There’s an indication, at least, that these issues aren’t greatly affecting election activities. While ballots are a subset of first-class mail, USPS is currently trying to deliver them at faster rates compared with other pieces of mail in that category. The set of data released Thursday as part of the lawsuit indicates that the on-time delivery rate for inbound ballots—that is, filled-out ballots en route from voters to election offices—was 91.57 percent on Saturday, 93.03 percent on Monday, 96.21 percent on Tuesday, and 96.77 percent on Wednesday. Nationally, inbound rates ranged from 93.39 percent to 97.13 percent in that time frame.

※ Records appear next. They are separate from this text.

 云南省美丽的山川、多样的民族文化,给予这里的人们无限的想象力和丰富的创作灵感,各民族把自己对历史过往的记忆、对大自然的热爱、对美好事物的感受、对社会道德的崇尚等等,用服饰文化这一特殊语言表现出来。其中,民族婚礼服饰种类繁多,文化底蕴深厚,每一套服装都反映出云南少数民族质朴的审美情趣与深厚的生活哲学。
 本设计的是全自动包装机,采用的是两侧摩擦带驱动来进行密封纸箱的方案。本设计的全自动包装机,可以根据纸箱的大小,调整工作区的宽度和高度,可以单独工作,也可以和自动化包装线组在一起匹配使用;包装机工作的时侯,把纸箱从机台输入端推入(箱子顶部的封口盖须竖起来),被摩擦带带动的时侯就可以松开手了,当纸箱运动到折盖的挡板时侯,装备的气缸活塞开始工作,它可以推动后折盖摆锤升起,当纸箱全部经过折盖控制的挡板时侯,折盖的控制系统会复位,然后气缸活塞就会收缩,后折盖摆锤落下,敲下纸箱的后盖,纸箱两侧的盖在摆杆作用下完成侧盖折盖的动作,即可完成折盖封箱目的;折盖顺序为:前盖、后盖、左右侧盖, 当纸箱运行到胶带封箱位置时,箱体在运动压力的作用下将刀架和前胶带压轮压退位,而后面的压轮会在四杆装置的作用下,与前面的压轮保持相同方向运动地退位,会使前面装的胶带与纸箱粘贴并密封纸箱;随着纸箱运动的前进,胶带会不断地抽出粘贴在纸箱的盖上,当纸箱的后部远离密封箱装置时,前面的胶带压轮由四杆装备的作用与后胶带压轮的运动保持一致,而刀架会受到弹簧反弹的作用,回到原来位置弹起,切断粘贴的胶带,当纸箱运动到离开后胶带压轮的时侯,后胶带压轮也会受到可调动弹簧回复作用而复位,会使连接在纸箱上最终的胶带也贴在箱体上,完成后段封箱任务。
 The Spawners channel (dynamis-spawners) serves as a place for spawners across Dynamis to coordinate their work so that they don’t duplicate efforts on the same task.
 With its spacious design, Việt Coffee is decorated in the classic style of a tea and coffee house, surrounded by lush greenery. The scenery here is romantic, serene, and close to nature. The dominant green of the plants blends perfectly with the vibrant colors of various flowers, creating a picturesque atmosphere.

These ballot statistics are incomplete because they only cover the processing stage. Also, the data only applies to the subset of ballots that have easily identifiable bar codes affixed to them. “When reviewing election mail/ballot statistics, it is important to keep in mind that only about 70 percent of this mail has intelligent mail barcodes and related service codes,” said Steidler. “Other election mail is likely to have the same delivery time constraints as first-class in general.” Those caveats are important. But based on the incomplete data we have, it doesn’t appear Philadelphia is doing worse with election mail than the nation overall.

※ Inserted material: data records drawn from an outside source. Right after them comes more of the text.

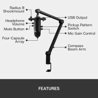 Compass es un brazo de micrófono de primera calidad con resortes internos y administración de cables incorporada, ideal para aplicaciones de transmisión como transmisión de juegos, podcasting, voz en off y más. Diseñado para Yeti, Compass presenta un funcionamiento suave y silencioso y un aspecto sofisticado en la cámara.
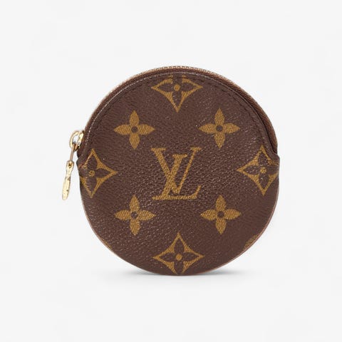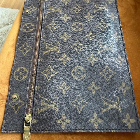 Fin LV Clutch fra 2018 i monogram med cherise inderfor.
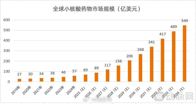 小核酸药物具有靶点拓展能力强、研发延展性强、药物作用长效且不易耐药等特性,已被公认为继小分子和抗体药物后创新药发展的第三次浪潮。当前全球小核酸药物市场展现出持续快速增长的态势。
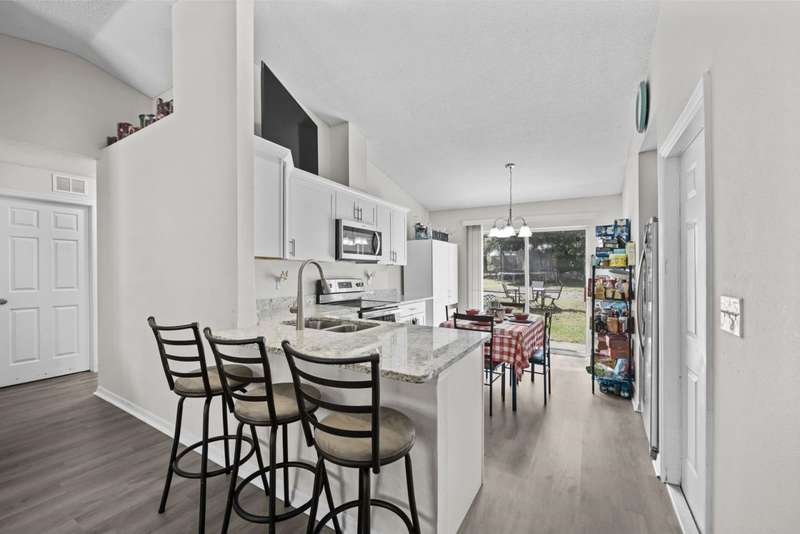 Charming Block Home in the heart of Palatka near the St. Johns River. Upon entering you are greeted by a spacious open living area that creates a warm and welcoming gathering space. This opens to a large bright eat-in kitchen with breakfast bar. Kitchen has sliding doors which lead to a large backyard, great for cookouts and entertaining. There is definitely room for a pool and your own outdoor oasis. New roof in 2022 and No HOA.

But other places are. On-time rates for inbound ballots in Detroit, crucial for deciding Michigan, ranged from 56.92 percent to 84.24 percent in that same four-day time frame. In the service area that covers Colorado and Wyoming, rates ranged from 62.58 percent to 81.66 percent. And in Kentuckiana, the area on the border of Kentucky and Indiana, rates ranged from 38.20 percent to 75.14 percent. Rates for outbound ballots—that is, blank ballots sent from election offices to voters—are even worse, though USPS argued in its filing that there aren’t very many going out at this point in the election, so even small fluctuations can have an outsize impact on the statistics. Even so, outbound rates in Baltimore, as an example, fell steadily from 96.87 percent to 0.67 percent over this period. Plaintiffs in this case have argued that, at the end of the day, anything below 90 percent is unacceptable for ballots.

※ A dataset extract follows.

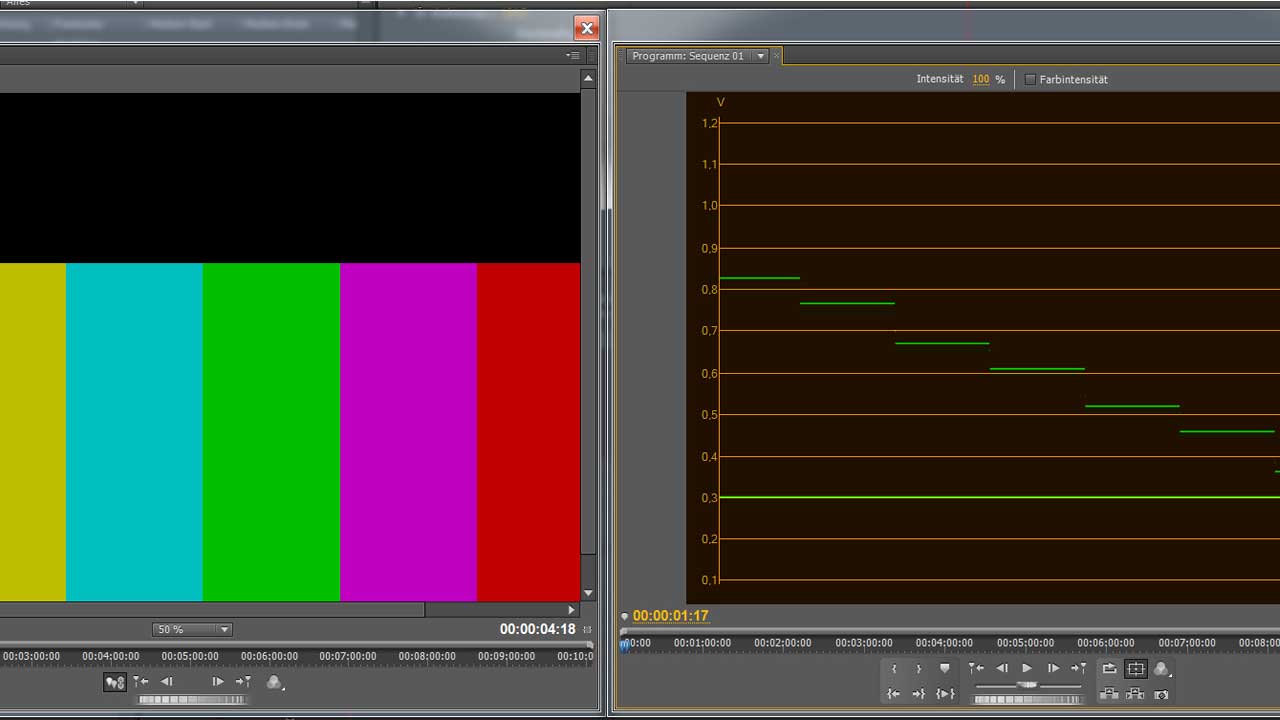 Der Schwarzbalken im Testbild erzeugt einen Spannungspegel von 0,3 Volt – hier dargestellt an den Bildkontroll-Instrumenten von Premiere.

D.C. District Judge Emmet G. Sullivan, who is presiding over this case, closed Thursday’s hearing by saying, “The court’s hat is off to the men and women who are responsible for the day-to-day processing and delivery. They didn’t create the problems in this case. Those at the top of the employment ladder, the supervisors and DeJoy, created the problems.” Based on the data, those problems seem very real—and with the election nearing, there’s precious little time to fix them.